**BRIEF**: Output only the lines that run from the line holding "听说看到彩虹会带来好运?就在" to the end of the data below, including both ends, without any pictures.

/---

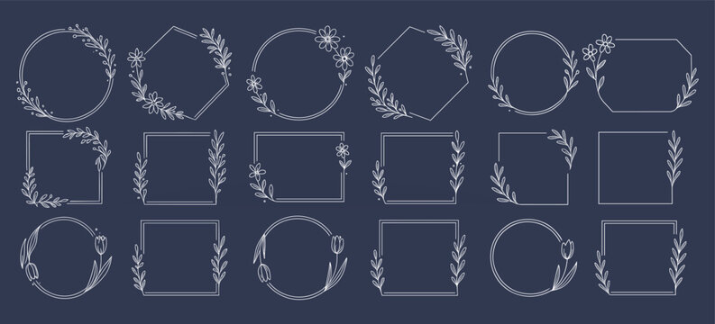 Minimal floral frames set – hand drawn botanical borders for invitations and branding
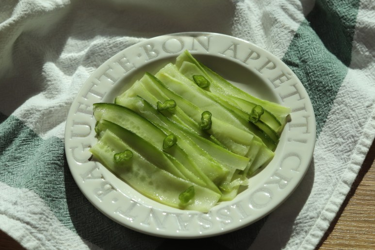 준비한 오이를 깨끗한 밀폐용기에 차곡차곡 담아주세요. 그 위에 소금 1큰술, 설탕 5큰술, 식초 7큰술을 계량해서 섞은 후 부어줍니다. 취향에 따라 매콤한 맛을 더하고 싶다면 청양고추를 송송 썰어 함께 넣어주세요.
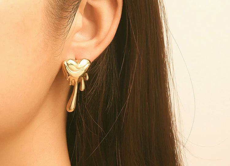 Unveil your Newly found treasure with A pair of gold heart Falling Droplets earrings!!
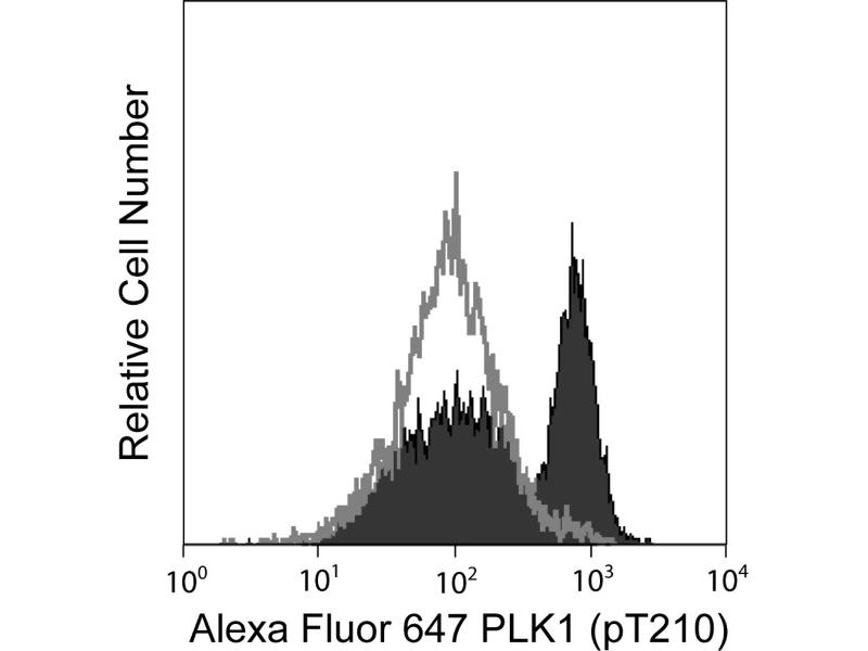 Polo-like kinase (PLK1) is a serine/threonine kinase with structural similarities to Drosophila's Polo kinase and the Cdc5p of Saccharomyces cerevisiae. Like its invertebrate counterparts, PLK1 activity is required for DNA synthesis and is regulated throughout the cell cycle. Furthermore, PLK1 is highly expressed in primary tumors. It associates with the mitotic spindle during mitosis suggesting that, in addition to its role during S phase, PLK1 may play a role during chromosome segregation. This is consistent with its potential role in cancer development. Threonine 210 (T210) is one of the major phoshorylation sites in activated PLK1 obtained from human mitotic cells. The K50-483 monoclonal antibody recognizes the phosphorylated T210 of human PLK1.
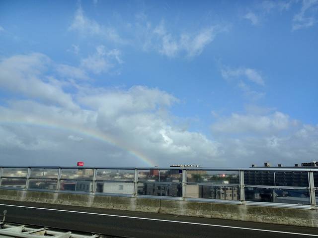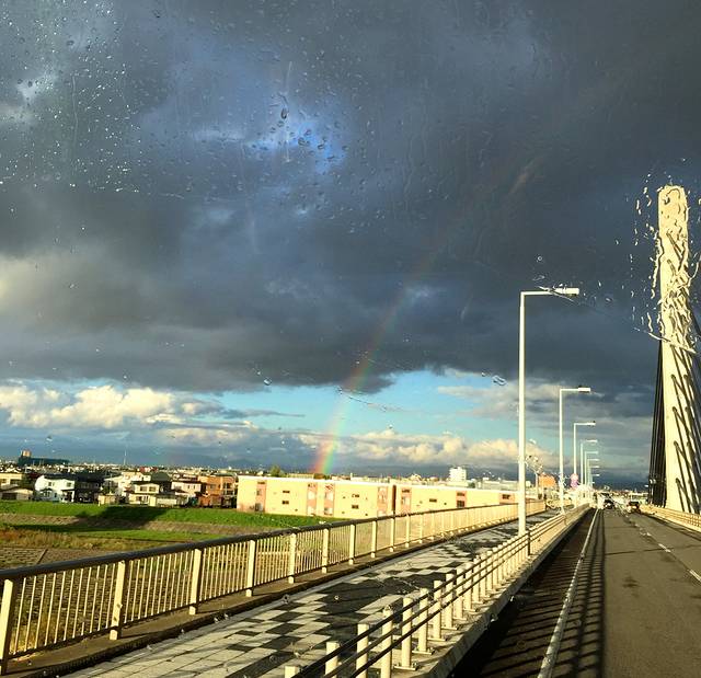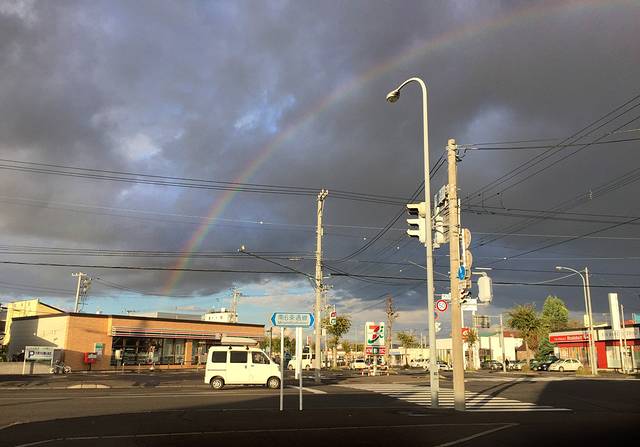 听说看到彩虹会带来好运?就在我们拿着行李到处找不到之前看到的电器店的时候,一个当地打扮得很嘻哈的大叔过来问我们要去哪里,我们说附近的电器店怎么走,他很热情地说不远,我车子带你们过去吧。如果是你,当时走还是不走?这真的是个非常巨大的考验好么,鉴于之前多次日本旅游的经验和对日本当地人民还是比较的信任,我们忐忑不安地上了车!我和朋友说,如果我们第一天就被拐卖了怎么办。。。。我在车上是随时做好跳车的准备的。。。还好,约10几分钟,顺利到达附近的100满电器店,大叔让我们上去买东西,他在下面等我们,行李就放他车上。
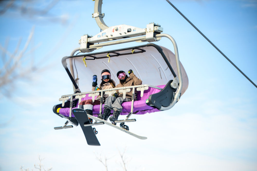 12月24日,滑雪爱好者在长春市庙香山滑雪场乘坐缆车时合影留念。新华社发(张嘉东 摄)

\---

**RESPONSE AREA**:
 听说看到彩虹会带来好运?就在我们拿着行李到处找不到之前看到的电器店的时候,一个当地打扮得很嘻哈的大叔过来问我们要去哪里,我们说附近的电器店怎么走,他很热情地说不远,我车子带你们过去吧。如果是你,当时走还是不走?这真的是个非常巨大的考验好么,鉴于之前多次日本旅游的经验和对日本当地人民还是比较的信任,我们忐忑不安地上了车!我和朋友说,如果我们第一天就被拐卖了怎么办。。。。我在车上是随时做好跳车的准备的。。。还好,约10几分钟,顺利到达附近的100满电器店,大叔让我们上去买东西,他在下面等我们,行李就放他车上。
 12月24日,滑雪爱好者在长春市庙香山滑雪场乘坐缆车时合影留念。新华社发(张嘉东 摄)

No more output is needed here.